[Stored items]
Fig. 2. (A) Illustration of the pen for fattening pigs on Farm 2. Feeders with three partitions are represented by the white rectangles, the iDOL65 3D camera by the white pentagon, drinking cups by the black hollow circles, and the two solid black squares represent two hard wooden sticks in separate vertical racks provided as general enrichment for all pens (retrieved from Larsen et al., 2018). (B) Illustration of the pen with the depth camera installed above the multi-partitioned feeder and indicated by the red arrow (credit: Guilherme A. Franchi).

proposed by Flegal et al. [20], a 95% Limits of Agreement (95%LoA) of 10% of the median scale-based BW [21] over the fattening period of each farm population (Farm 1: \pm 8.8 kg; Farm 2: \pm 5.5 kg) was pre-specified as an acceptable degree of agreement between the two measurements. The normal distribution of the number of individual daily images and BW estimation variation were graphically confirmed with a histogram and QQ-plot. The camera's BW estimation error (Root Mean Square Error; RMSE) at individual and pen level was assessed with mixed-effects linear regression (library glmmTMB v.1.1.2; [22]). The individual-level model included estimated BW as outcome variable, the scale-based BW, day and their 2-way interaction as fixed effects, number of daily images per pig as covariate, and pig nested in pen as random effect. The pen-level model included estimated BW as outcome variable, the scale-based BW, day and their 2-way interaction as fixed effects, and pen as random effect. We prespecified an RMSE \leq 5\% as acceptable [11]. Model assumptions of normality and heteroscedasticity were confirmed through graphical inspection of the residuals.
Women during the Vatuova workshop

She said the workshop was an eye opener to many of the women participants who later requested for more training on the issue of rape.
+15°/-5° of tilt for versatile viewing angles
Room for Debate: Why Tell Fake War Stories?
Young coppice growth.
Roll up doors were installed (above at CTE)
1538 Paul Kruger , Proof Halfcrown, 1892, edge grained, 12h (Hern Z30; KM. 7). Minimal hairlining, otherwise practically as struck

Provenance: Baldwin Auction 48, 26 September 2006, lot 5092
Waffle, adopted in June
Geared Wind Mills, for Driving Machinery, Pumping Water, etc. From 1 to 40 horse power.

* * *

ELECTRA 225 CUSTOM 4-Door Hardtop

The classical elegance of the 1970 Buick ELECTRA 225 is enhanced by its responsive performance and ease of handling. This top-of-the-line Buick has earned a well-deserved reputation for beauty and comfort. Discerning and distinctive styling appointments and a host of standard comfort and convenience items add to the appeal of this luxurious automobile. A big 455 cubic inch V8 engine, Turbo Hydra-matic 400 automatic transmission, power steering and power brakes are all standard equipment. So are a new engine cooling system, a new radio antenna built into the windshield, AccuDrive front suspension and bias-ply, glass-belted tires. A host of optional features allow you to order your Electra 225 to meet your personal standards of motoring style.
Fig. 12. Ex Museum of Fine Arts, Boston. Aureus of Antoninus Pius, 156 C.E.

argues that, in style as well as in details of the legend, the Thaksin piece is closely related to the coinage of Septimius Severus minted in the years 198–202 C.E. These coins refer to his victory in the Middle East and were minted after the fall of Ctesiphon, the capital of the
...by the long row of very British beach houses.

--

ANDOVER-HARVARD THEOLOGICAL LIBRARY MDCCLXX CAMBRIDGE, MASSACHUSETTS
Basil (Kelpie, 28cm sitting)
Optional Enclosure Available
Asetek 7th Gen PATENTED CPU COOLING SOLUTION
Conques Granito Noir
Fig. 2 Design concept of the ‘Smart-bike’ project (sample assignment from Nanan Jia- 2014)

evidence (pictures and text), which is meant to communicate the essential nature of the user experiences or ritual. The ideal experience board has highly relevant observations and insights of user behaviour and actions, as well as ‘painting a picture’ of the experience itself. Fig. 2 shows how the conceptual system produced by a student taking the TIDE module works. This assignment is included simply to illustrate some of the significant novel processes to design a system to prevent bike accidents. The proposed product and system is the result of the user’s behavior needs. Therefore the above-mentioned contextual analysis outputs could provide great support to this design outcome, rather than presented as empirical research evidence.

→ EXERCISE PROMPT
Reproduce exactly the entries above, limited to the lines from the one with "Optional Enclosure Available" through the one with "Fig. 2 Design", both included.

→ EXERCISE SOLUTION
Optional Enclosure Available
Asetek 7th Gen PATENTED CPU COOLING SOLUTION
Conques Granito Noir
Fig. 2 Design concept of the ‘Smart-bike’ project (sample assignment from Nanan Jia- 2014)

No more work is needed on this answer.